[Stored dataset items]
::::
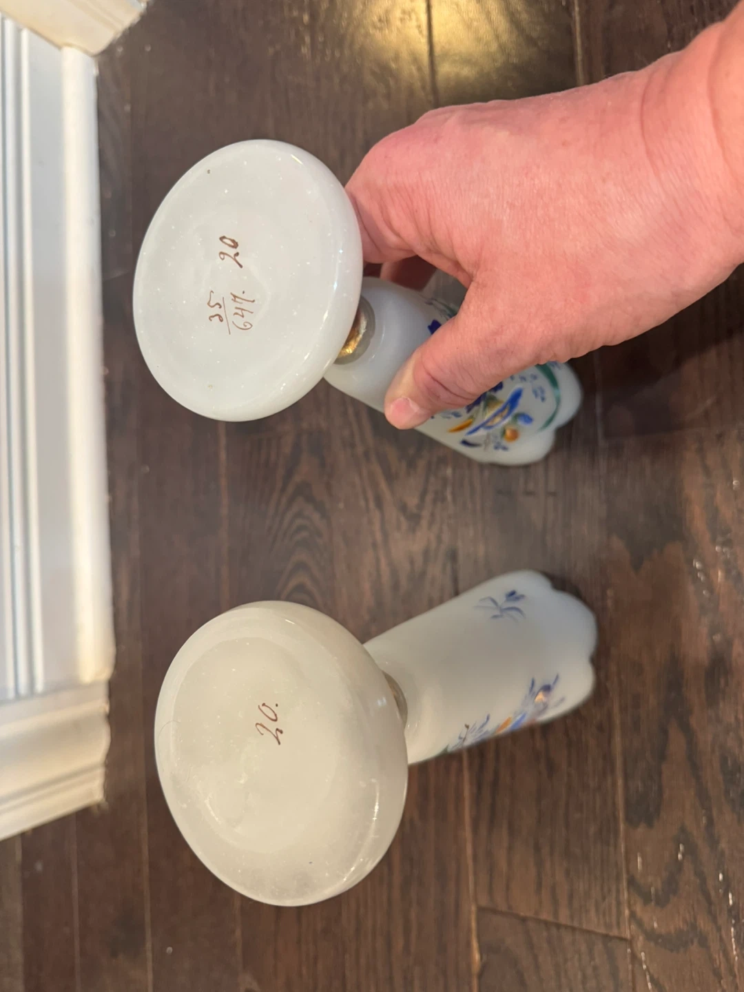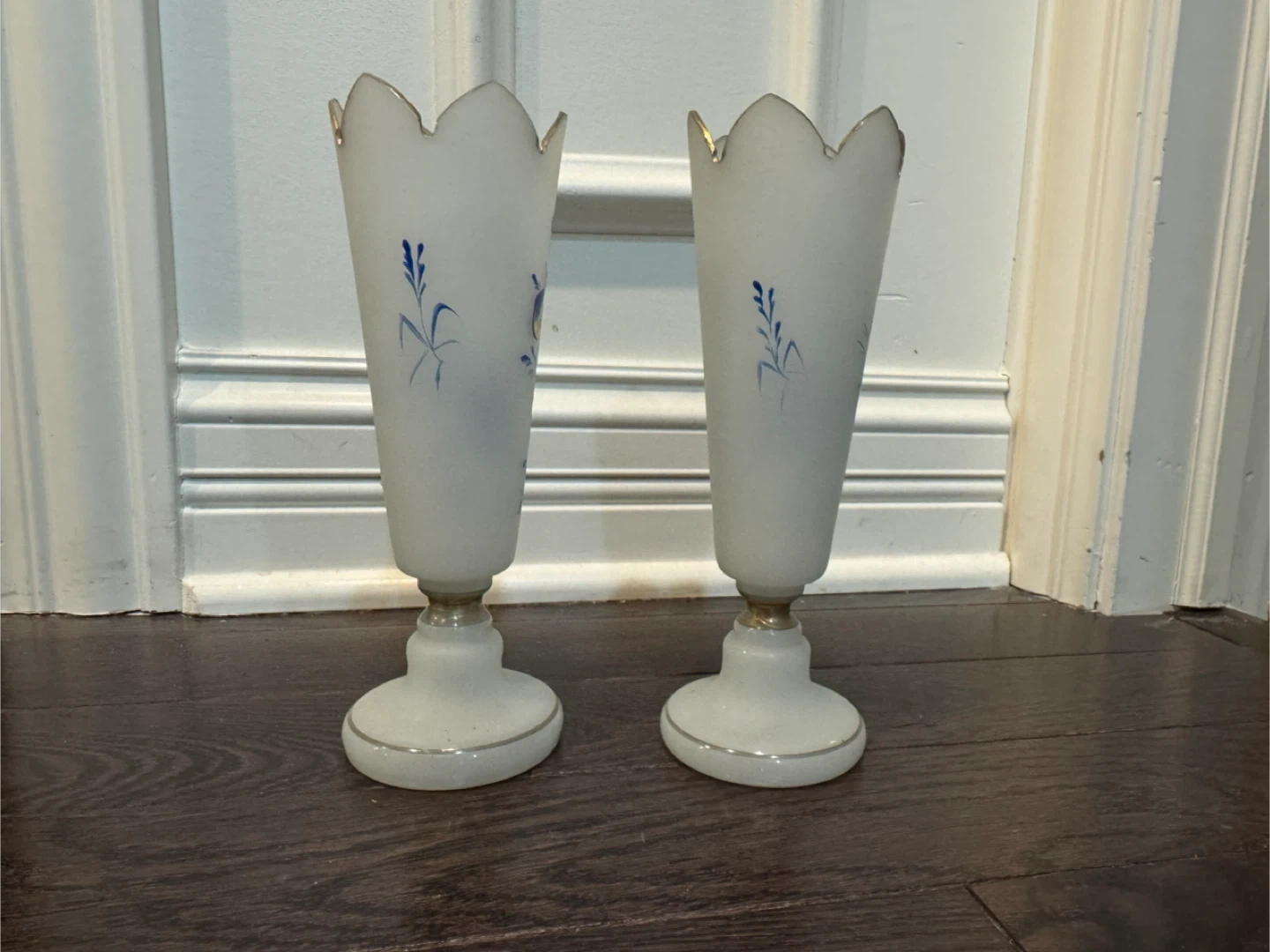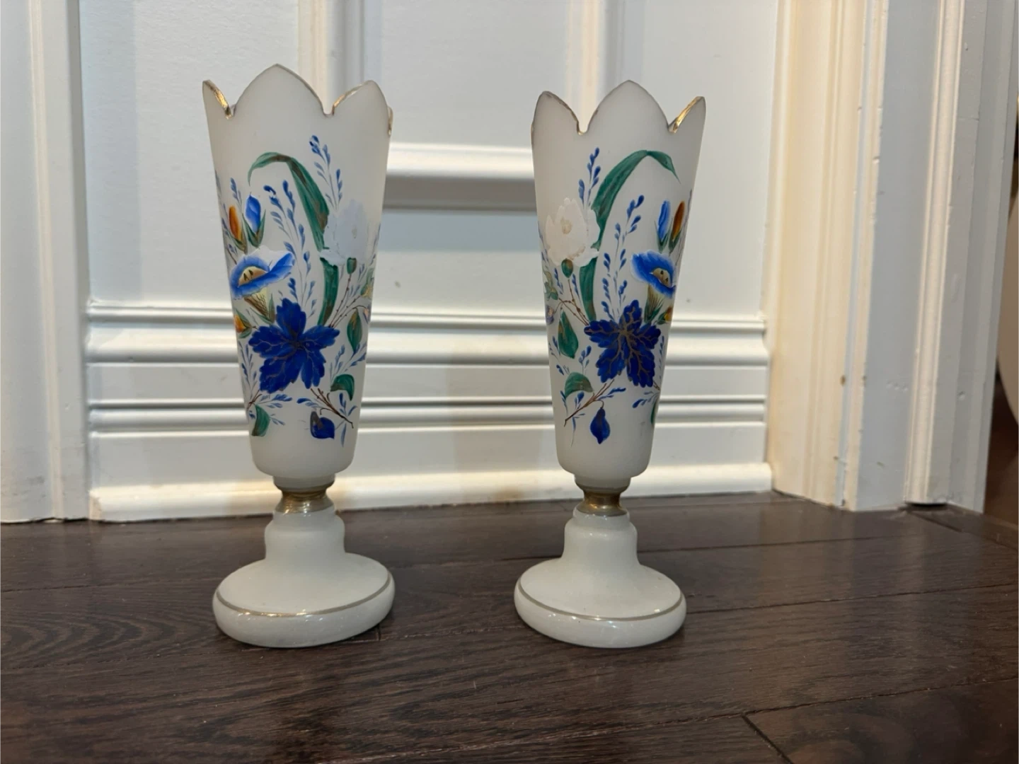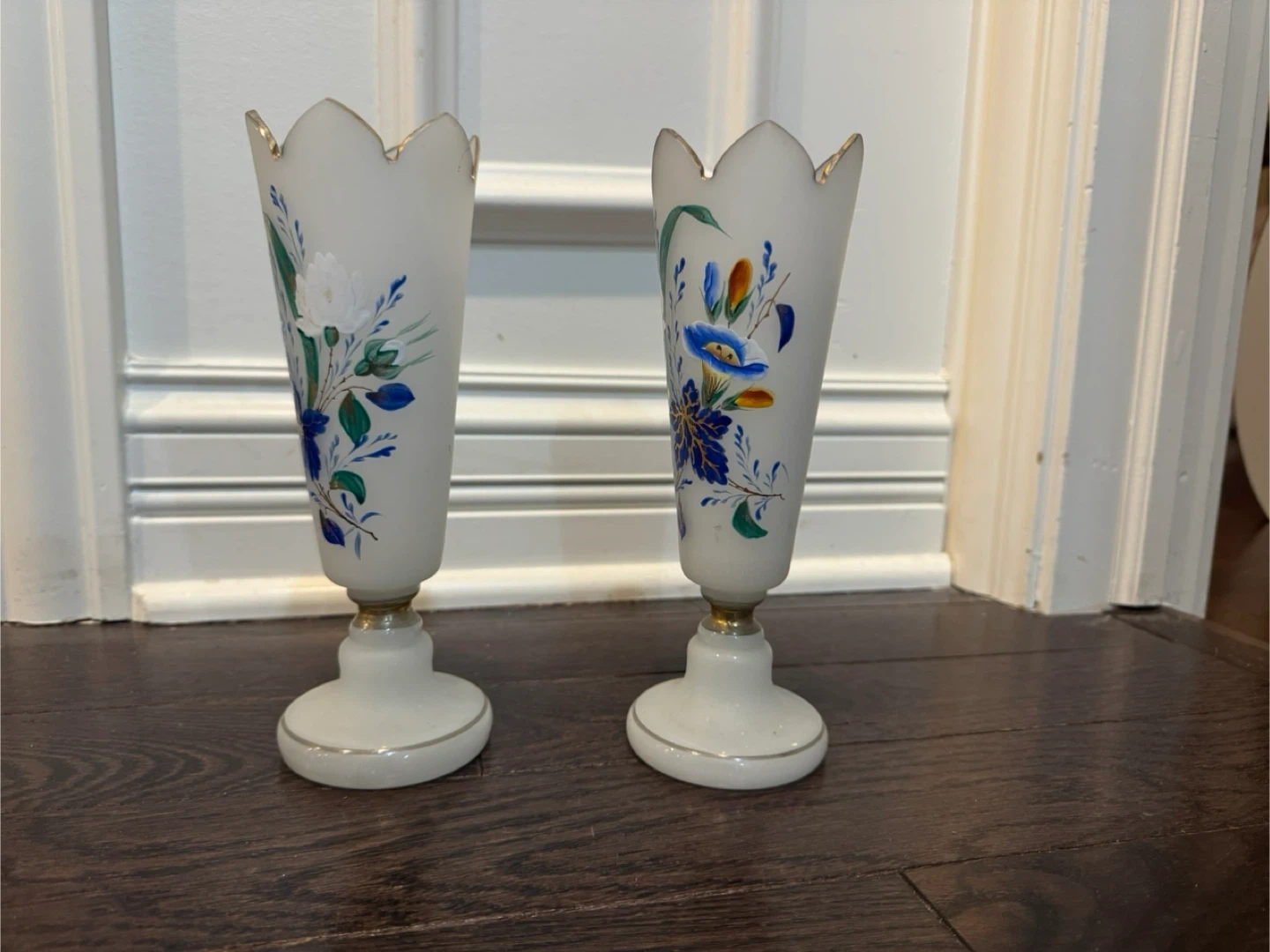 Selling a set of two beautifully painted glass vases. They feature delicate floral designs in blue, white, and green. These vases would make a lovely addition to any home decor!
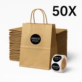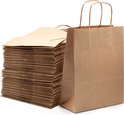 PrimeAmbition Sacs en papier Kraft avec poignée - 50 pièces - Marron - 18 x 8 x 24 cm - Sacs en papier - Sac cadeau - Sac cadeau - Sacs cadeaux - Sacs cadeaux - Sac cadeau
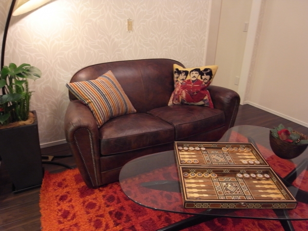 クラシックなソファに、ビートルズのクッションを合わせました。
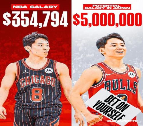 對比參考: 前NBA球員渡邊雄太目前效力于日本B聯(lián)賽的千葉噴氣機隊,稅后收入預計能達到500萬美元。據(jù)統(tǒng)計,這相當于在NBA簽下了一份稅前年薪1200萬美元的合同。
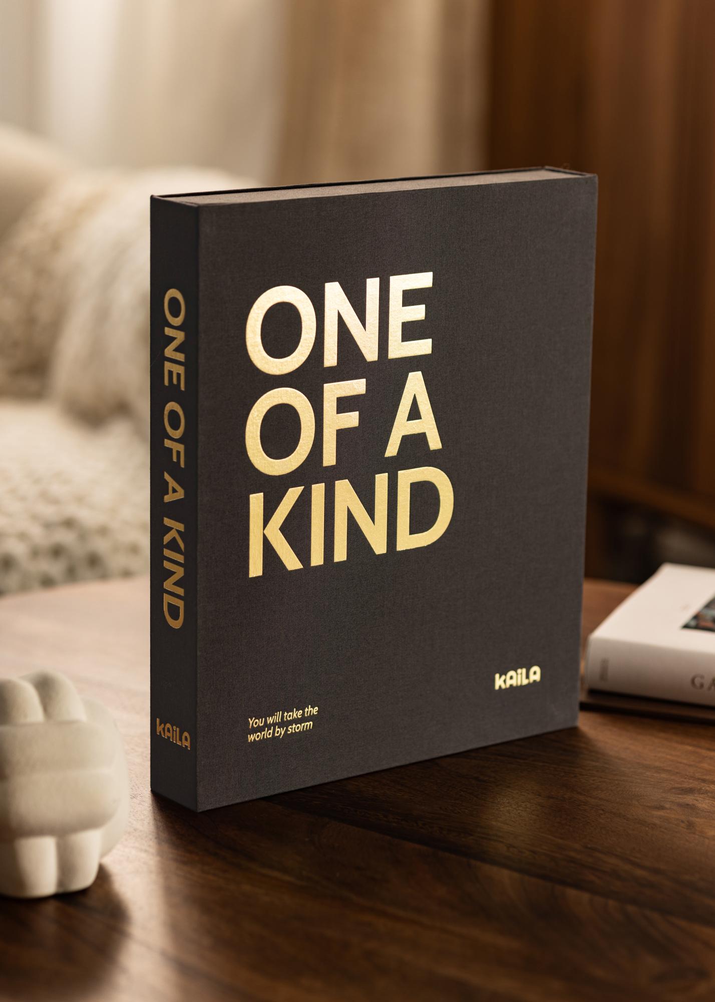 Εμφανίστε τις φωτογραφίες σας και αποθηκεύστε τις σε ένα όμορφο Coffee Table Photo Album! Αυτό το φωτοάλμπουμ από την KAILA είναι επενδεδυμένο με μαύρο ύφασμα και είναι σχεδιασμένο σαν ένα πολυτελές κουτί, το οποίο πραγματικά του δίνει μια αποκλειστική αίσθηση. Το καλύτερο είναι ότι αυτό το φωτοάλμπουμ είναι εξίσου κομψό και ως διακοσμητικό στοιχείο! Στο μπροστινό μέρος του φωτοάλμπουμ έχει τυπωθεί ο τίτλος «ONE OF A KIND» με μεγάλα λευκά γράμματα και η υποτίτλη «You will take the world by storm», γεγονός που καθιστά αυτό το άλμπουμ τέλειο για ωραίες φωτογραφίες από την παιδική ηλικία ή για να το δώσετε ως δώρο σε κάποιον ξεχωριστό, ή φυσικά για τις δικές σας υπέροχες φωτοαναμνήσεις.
::::
▸ **Prompt**
From the records above, give again only the part that opens with the line containing "クラシックなソファに、ビートルズのクッションを合わせました。" and closes with the line containing "對比參考: 前NBA球員渡邊". Keep both ends but drop the pictures.

▸ **Written answer**
 クラシックなソファに、ビートルズのクッションを合わせました。
 對比參考: 前NBA球員渡邊雄太目前效力于日本B聯(lián)賽的千葉噴氣機隊,稅后收入預計能達到500萬美元。據(jù)統(tǒng)計,這相當于在NBA簽下了一份稅前年薪1200萬美元的合同。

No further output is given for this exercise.